* **PROBLEM STATEMENT**: Pictures left aside, return the lines below exactly, from the one with "IHME, Global Burden of Disease (2024)" to the end, including both ends.

* **AVAILABLE DATA**:
◆ ◆ ◆ ◆ ◆

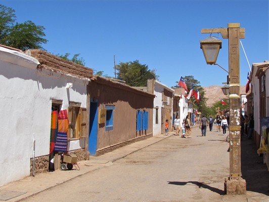 Isolé en plein désert, au pied du majestueux volcan Licancabur au cône parfait de 5916 mètres de haut, San Pedro de Atacama est considéré comme la capitale archéologique du Chili. Ce gros bourg de 7500 habitants construit à 2438 mètres d’altitude est situé 1300 km au nord de Santiago. Il s’étire le long d’une rue principale en terre battue et c’est également le point de départ idéal pour découvrir la beauté sauvage des paysages qui l’entourent. L’Airbus de la LAN qui permet d’y accéder, via Calama (où l’on trouve la plus grande mine à ciel ouvert de cuivre au monde), survole la Cordillère des Andes aux pentes enneigées puis arides plus nous nous rapprochons du désert d’Atacama, que nous allons parcourir durant plusieurs jours.
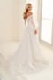 This style embodies the essence of bridal romance, with a strapless sweetheart bodice that features a dazzling array of sequin lace appliqués. The magnificent tulle skirt will have you glowing all through the night. To add a whimsical touch, the dress comes with long off-the-shoulder bishop sleeves complete with a cuff made of matching sparkle lace.
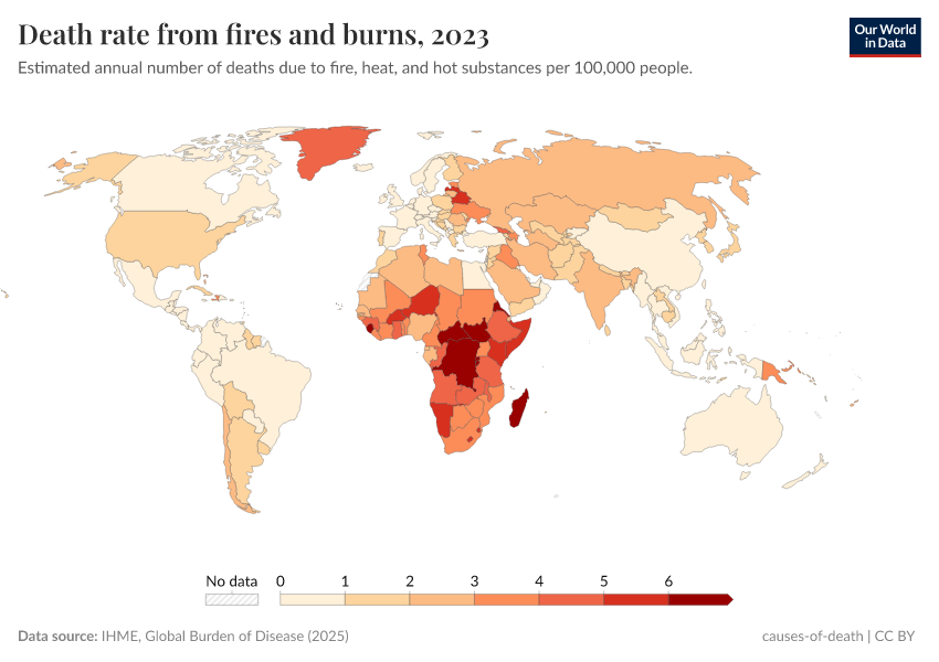 IHME, Global Burden of Disease (2024) – with minor processing by Our World in Data. “Death rate from fires and burns” [dataset]. IHME, Global Burden of Disease, “Global Burden of Disease - Deaths and DALYs” [original data]. Retrieved June 26, 2025 from https://remove-datapage-tags.owid.pages.dev/grapher/death-rate-from-fires-and-burns-ihme
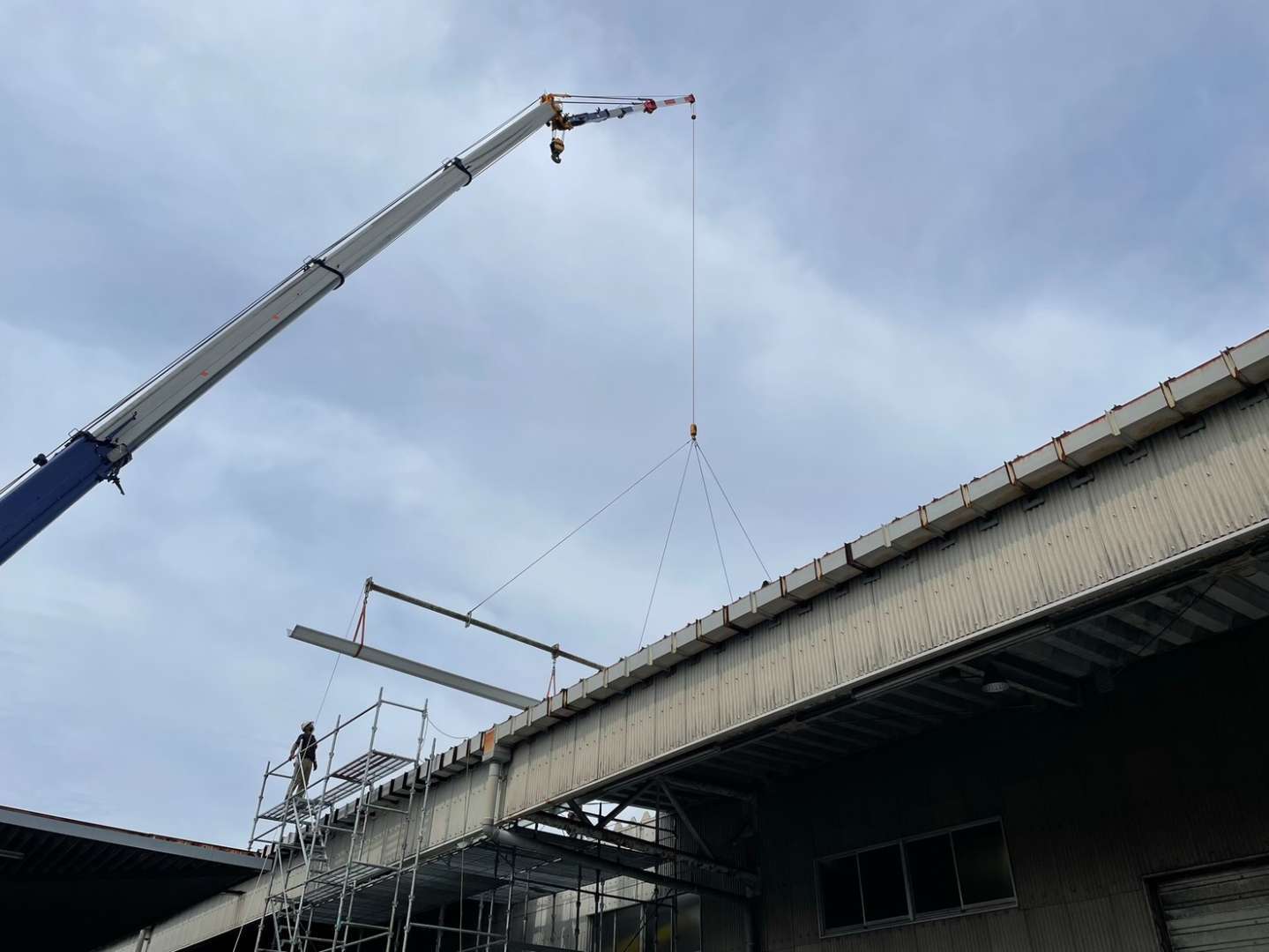 今回は、大型クレーンを使用した防府市内の工場屋根(折板屋根)工事の様子をお届けします。

◆ ◆ ◆ ◆ ◆

* **ANSWER BOX**:
 IHME, Global Burden of Disease (2024) – with minor processing by Our World in Data. “Death rate from fires and burns” [dataset]. IHME, Global Burden of Disease, “Global Burden of Disease - Deaths and DALYs” [original data]. Retrieved June 26, 2025 from https://remove-datapage-tags.owid.pages.dev/grapher/death-rate-from-fires-and-burns-ihme
 今回は、大型クレーンを使用した防府市内の工場屋根(折板屋根)工事の様子をお届けします。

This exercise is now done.